Direitos adquiridos, envelhecimento ativo e resiliência: a importância desses conceitos ao longo da vida

O ano de 2016 ficará gravado na memória de todos pela profunda crise econômica, política e social que o Brasil atravessa. Embora deflagrada anteriormente, a crise agravou-se no correr do ano e não me parece que tenhamos chegado ao fundo do poço. Os reflexos dessa crise seguem extraordinariamente preocupantes. A proporção de desempregados (incluindo-se os que trabalham menos do que poderiam e gostariam) já passa de 20% e as projeções indicam que esta lamentável proporção ainda aumente no decorrer de 2017. Muitos idosos passaram a ser os principais provedores de recursos para toda a família. O poder aquisitivo segue em queda. Nossas políticas sociais estão fragilizadas, as instituições públicas combalidas. O setor saúde experimenta cortes sucessivos. Hospitais públicos oferecem serviços ainda mais precários. O desemprego levou milhões à perda do seguro saúde. Inevitavelmente, tudo isso agrava o bem estar de milhões de pessoas idosas. Em vários estados, muitas delas não recebem suas aposentadorias em dia. Há grandes incertezas de como a reforma previdenciária ocorrerá. Inevitável, ela me parece ser. A previdência social urbana atingiu em 2016 o montante de 150 bilhões de reais - devendo aumentar em ritmo exponencial, se nada for feito. Da forma como ela existe, tornou-se insustentável. O país não pode continuar a ser dos pouquíssimos, onde não há uma idade mínima para a aposentadoria, em que a idade média ao aposentar-se é de apenas 54 anos, 52 para mulheres, 56 anos para homens. Chegamos a uma expectativa de vida de mais de 75 anos, mantendo uma previdência social concebida quando a mesma mal passava dos 40 anos. Urge, no entanto, grande sensibilidade na execução dessa reforma. Há direitos adquiridos em jogo, há expectativas que se não forem bem resolvidas, poderão gerar grande instabilidade social. Será essencial que todos os grupos sejam ouvidos, de baixo para cima - e não uma imposição vinda de cima, passando por um Legislativo cuja credibilidade tem sido posta em dúvida por conta da atuação de seus próprios integrantes.

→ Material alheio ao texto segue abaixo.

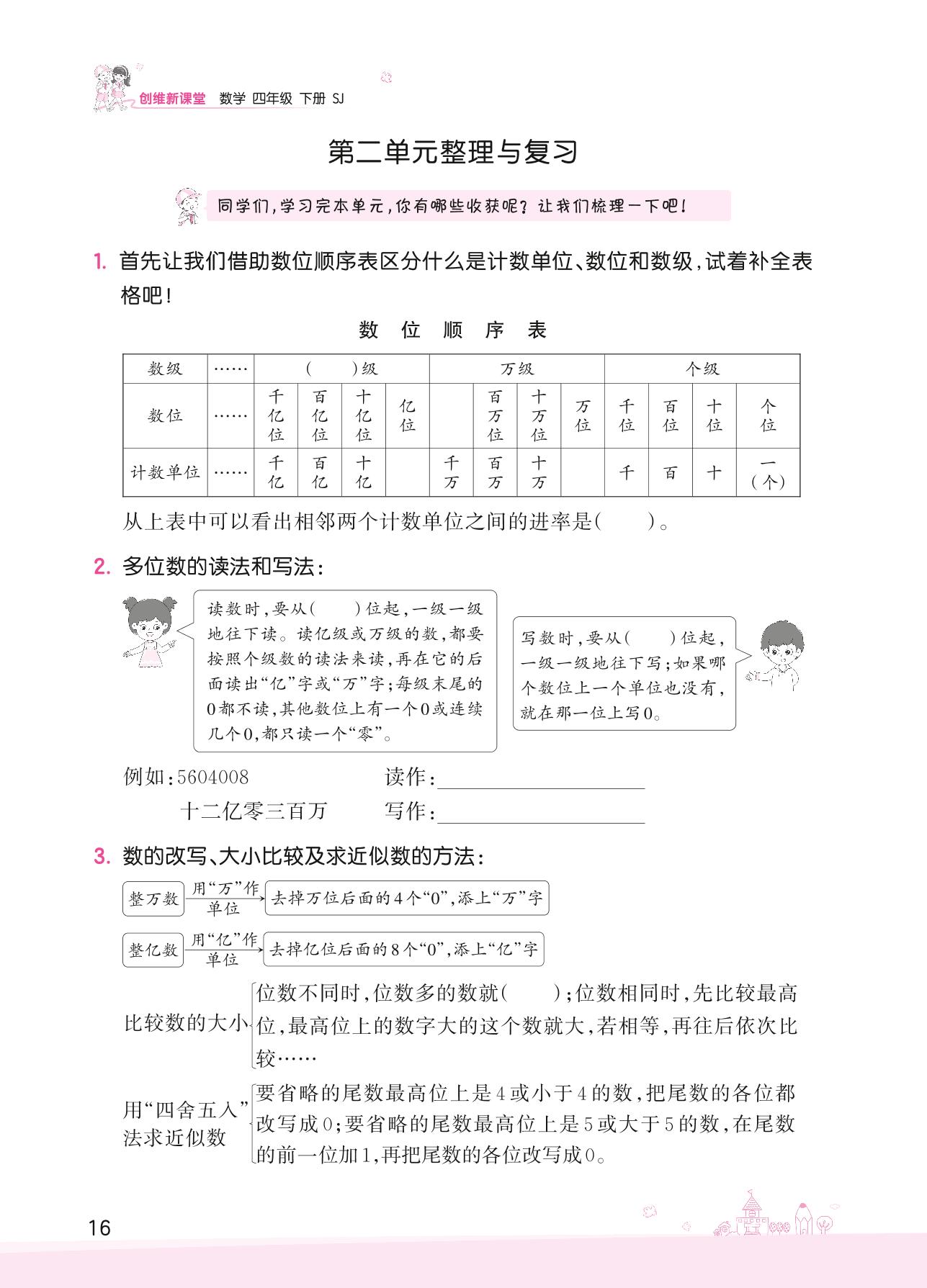 2022下册四年级数学苏教版 二 认识多位数——第二单元整理与复习

Todo esse cenário reforça a importância de se programar políticas que abracem os princípios do envelhecimento ativo definido pela Organização Mundial da Saúde em 2002. Foi nesse ano, na Assembléia das Nações Unidas do Envelhecimento, que a OMS lançou o marco político do envelhecimento ativo, definindo-o como o processo de otimizar as oportunidades para saúde, participação e segurança/proteção de modo a aumentar a qualidade de vida a medida em que as pessoas envelhecem. A esses pilares, nosso Centro Internacional da Longevidade-Brasil (ILC-Brazil) acrescentou um quarto - o da aprendizagem ao longo da vida - no documento "Envelhecimento Ativo: Um Marco Político em resposta à Revolução da Longevidade (www.ilcbrazil.org). Na prática, para o indivíduo que envelhece, seja qual for sua idade, essa definição pressupõe o acúmulo de quatro capitais essenciais para o bem envelhecer: saúde, capital intelectual, capital social e o financeiro (Revista Exame, 18 Janeiro 2017, página 33). Quanto mais cedo começamos a acumulá-los melhor - mas nunca é tarde demais. No entanto, a responsabilidade não cabe apenas ao indivíduo. É imperativo que o setor público cumpra sua parte, assista-o. É também necessário que a academia, as instituições da sociedade civil, o setor privado e a mídia facilitem o processo. Em outubro de 2016, o ILC-Brazil organizou o IV Forum Internacional da Longevidade sob o tema "a função do design e da tecnologia em uma sociedade mais longeva". O documento dele procedente (www.ilcbrazil.org) enuncia os princípios que devem orientar os vários setores da sociedade quanto ao objetivo de desenvolver produtos, serviços e políticas mais amigáveis às pessoas idosas - e assim, às pessoas de todas as idades.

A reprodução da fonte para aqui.